• _Dataset excerpt_
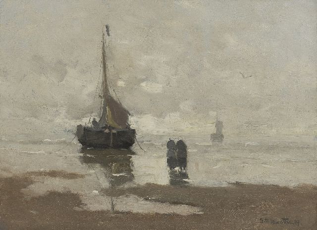 Jacob Maris | Boten en vissers op het strand, olieverf op doek, 46,8 x 55,5 cm, gesigneerd r.o. en te dateren 1890-1895
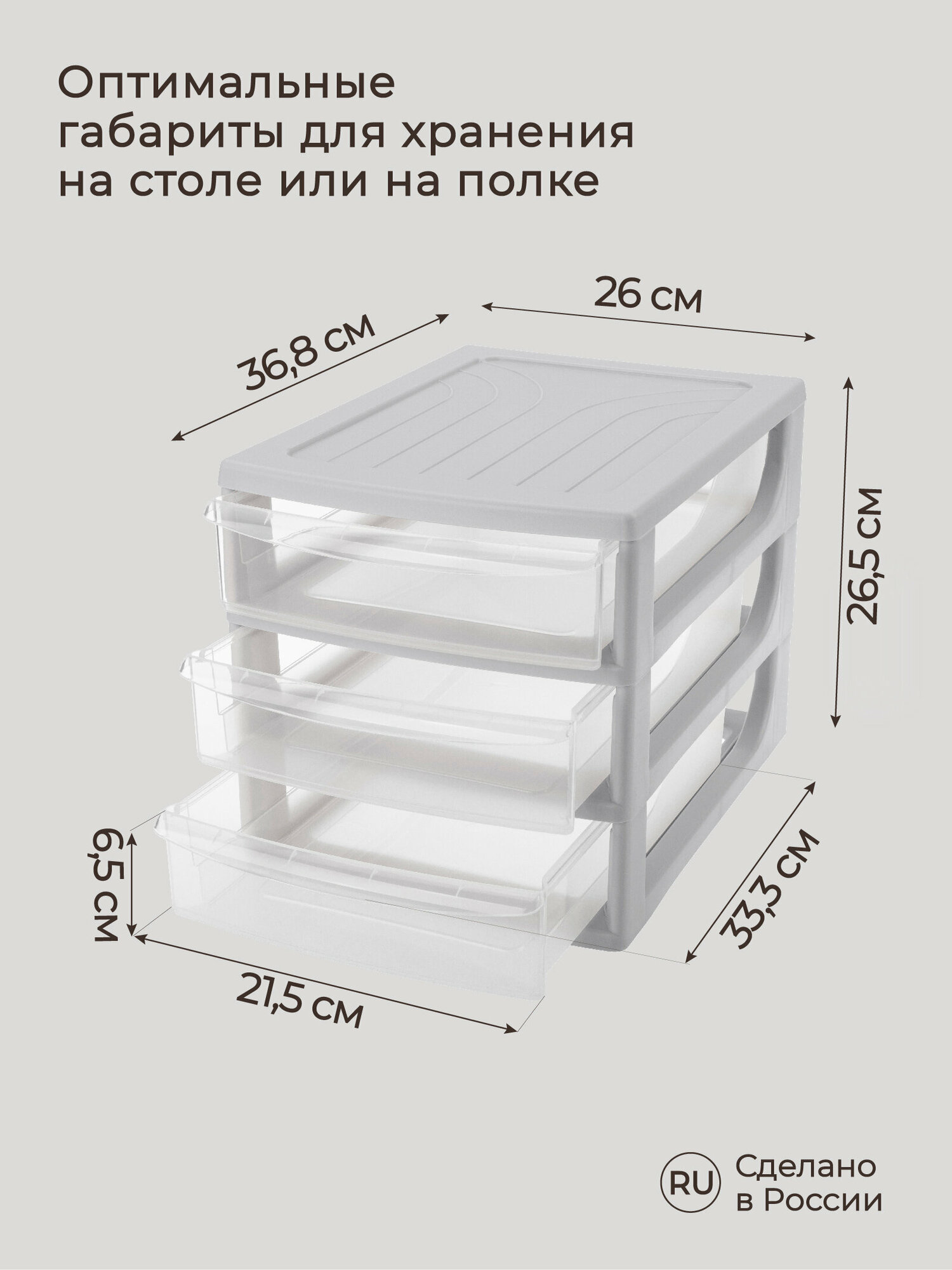 Сервис сравнения цен СкидкаГИД предлагает сравнить цены на товар «Органайзер Бытпласт 3 ящика А5 26х368х265 см»
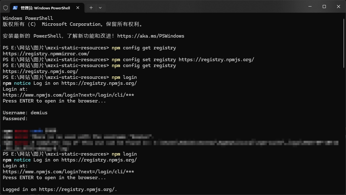 若显示Not found,则表示包名可用;若显示已有信息,需更换包名(如添加前缀@yourname/mzxi-static)。
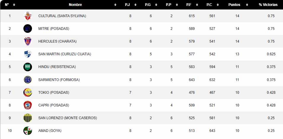 Mitre suma 14 puntos (6/2) y lidera junto a Cultural de Santa Sylvina y Hércules de Charata. El próximo partido del equipo auriazul será el lunes, cuando reciba a Hindú Club de Resistencia.

• _What the exercise asks_
Copy exactly, and copy only, the lines from the one bearing "若显示Not found,则" through the closing line of the material, with both ends kept and pictures removed.

• _Solution below_
 若显示Not found,则表示包名可用;若显示已有信息,需更换包名(如添加前缀@yourname/mzxi-static)。
 Mitre suma 14 puntos (6/2) y lidera junto a Cultural de Santa Sylvina y Hércules de Charata. El próximo partido del equipo auriazul será el lunes, cuando reciba a Hindú Club de Resistencia.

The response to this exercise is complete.